Thirty-nine government soldiers accused of war crimes have gone on trial in eastern Democratic Republic of Congo.
Most of the charges relate to the mass rape and other acts of sexual violence against more than 130 women and girls in November 2012 by a retreating army.
Correspondents say the military trial comes after months of international pressure after some officers were suspended but no soldiers tried.
The UN then threatened to stop funding army units suspected of abuses.
Armed groups in eastern DR Congo often use rape as a weapon of war.
The BBC's Maud Jullien in Goma says the charges, including murder, rape and looting, were read out to the soldiers, who are mostly low-ranking, at the military court in the eastern city.
The trial will focus on events a year ago when M23 rebels took control of Goma and thousands of soldiers retreated to the town of Minova.
According to a UN report, at least 102 women and 33 girls were victims of rape or other acts of sexual violence by government troops in the market town to the south of Goma.
The lead lawyer representing the victims, Sylvestre Bisimwa, says the figures given in the UN report are very low.
He told the BBC that so far 1,014 people - male and female - have been identified as victims of war crimes in Minova.
The trial was adjourned for two weeks following a request by the various lawyers representing the victims that they be able to go to Minova to find more witnesses.

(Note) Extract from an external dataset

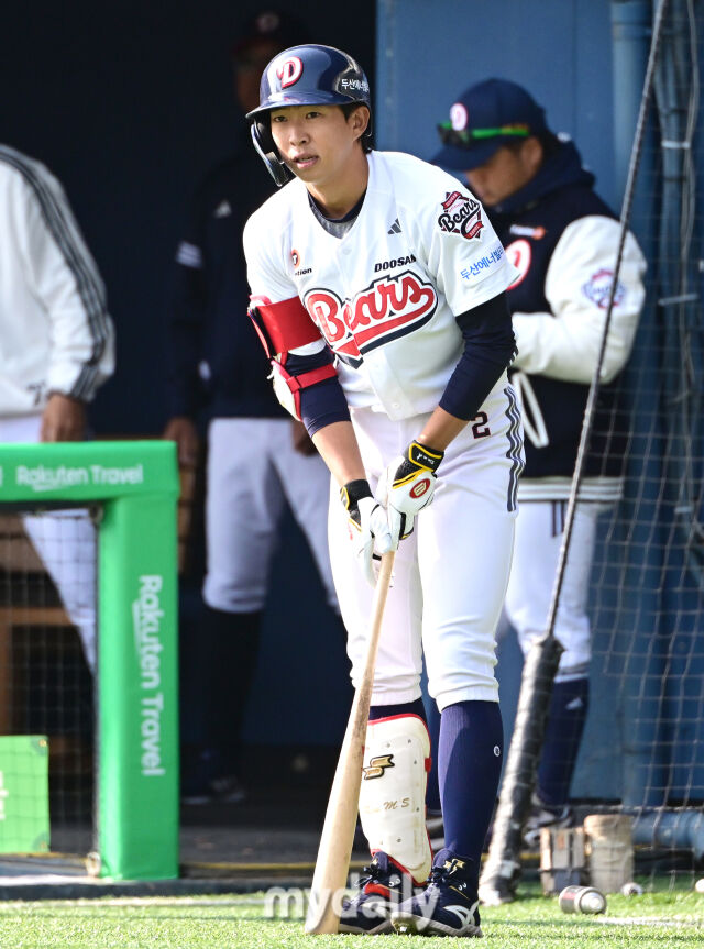 두산 김민석이 9회말 1사 1루서 대타 준비를 하고 있다.

Mr Bisimwa told the BBC he was surprised to see so few high-ranking officers amongst the accused.
He added that many victims said their alleged rapists were not among the 39 accused.
Soldiers, who requested anonymity, admitted to the BBC in April that they had raped women in Minova, but said they had acted under orders from above.
Our correspondent says that 11 soldiers were initially arrested last December in connection with crimes committed in Minova and later 12 senior officers in charge of the units implicated in the rapes in Minova were suspended - but none were brought to trial.